Your objective: Leave out the pictures, then output the lines of the records below from the first through the one containing "This wedding keychain".

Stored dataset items

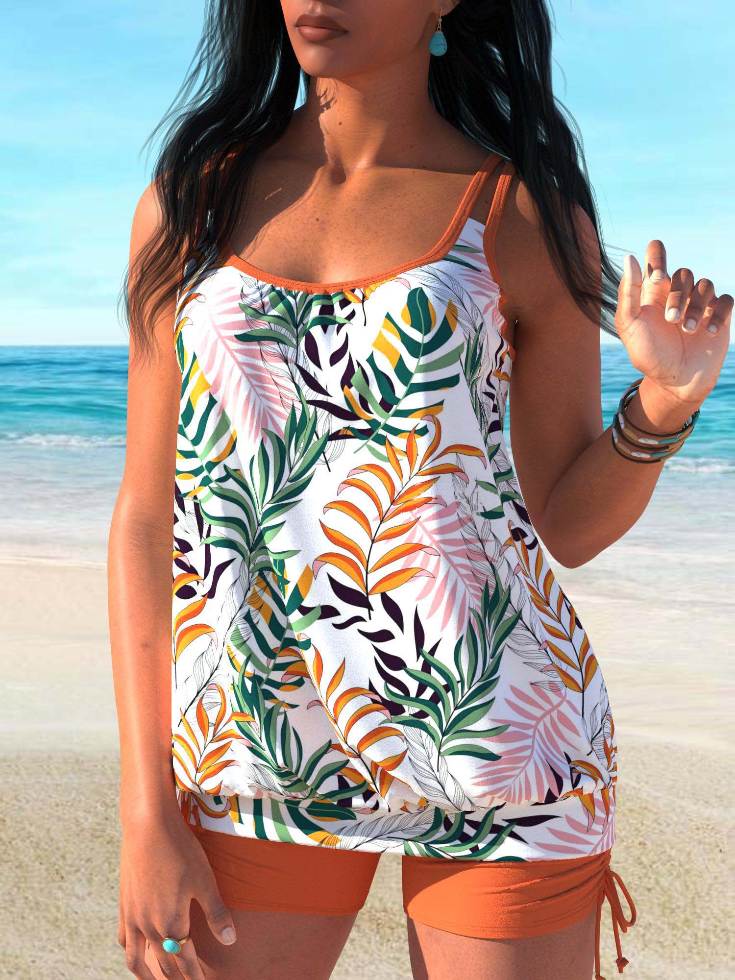 QKSA42-16Fashion Printed Slim Women's Tankini Swimsuit
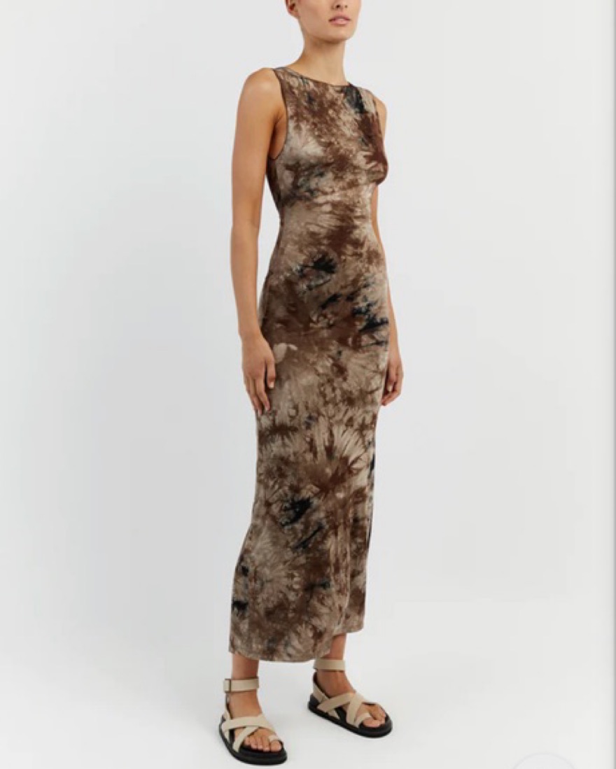 Dissh Sawyer Taupe Tie Dye Midi Dress
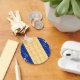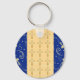 This wedding keychain favour is decorated with tiled gold Christian crosses and blue and gold damask bars on a gold damask background.
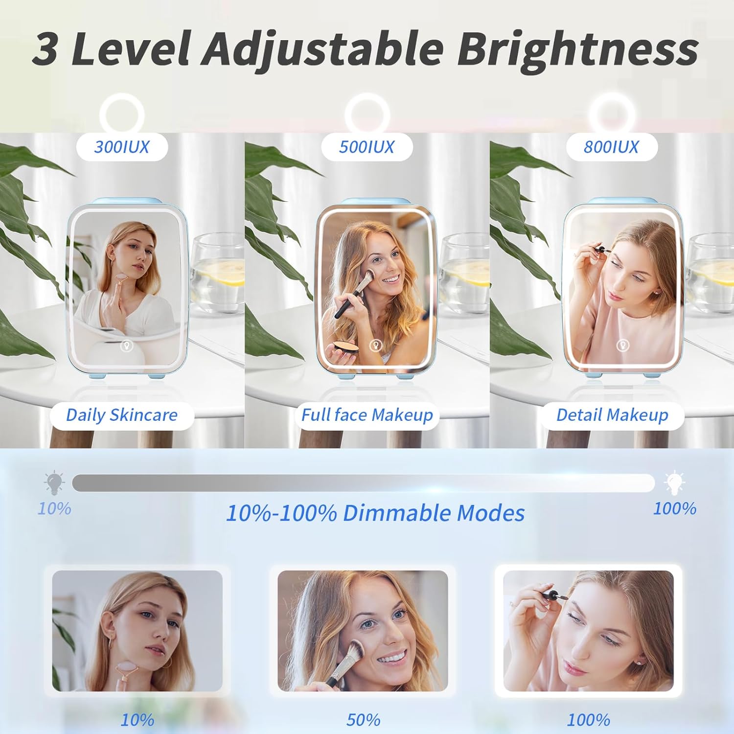 - 3 Level Brightness Adjustable: This mini fridge equipped with a touch screen LED light high-definition mirror glass door, which include low light for daily skincare, medium light for full face makeup and high light for detail makeup. This fridge provides three brightness levels for flawless makeup application and skincare routines, even in dim lighting
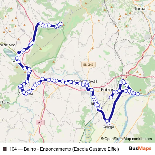 The first stop of the 104 bus route is Escola Profissional Gustave Eiffel and the last stop is Bairro (R. da Escola). 104 (Bairro - Entroncamento (Escola Gustave Eiffel)) is operational during on weekdays.
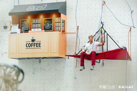 \u00A0 \u00A0 \u00A0 膽子更大的是來(lái)自巴西的攀巖天才Marcos,這次他將賴以成名的絕活搬來(lái)了上海——在懸崖峭壁上開(kāi)了一家臨時(shí)咖啡館。

The completed task:
 QKSA42-16Fashion Printed Slim Women's Tankini Swimsuit
 Dissh Sawyer Taupe Tie Dye Midi Dress
 This wedding keychain favour is decorated with tiled gold Christian crosses and blue and gold damask bars on a gold damask background.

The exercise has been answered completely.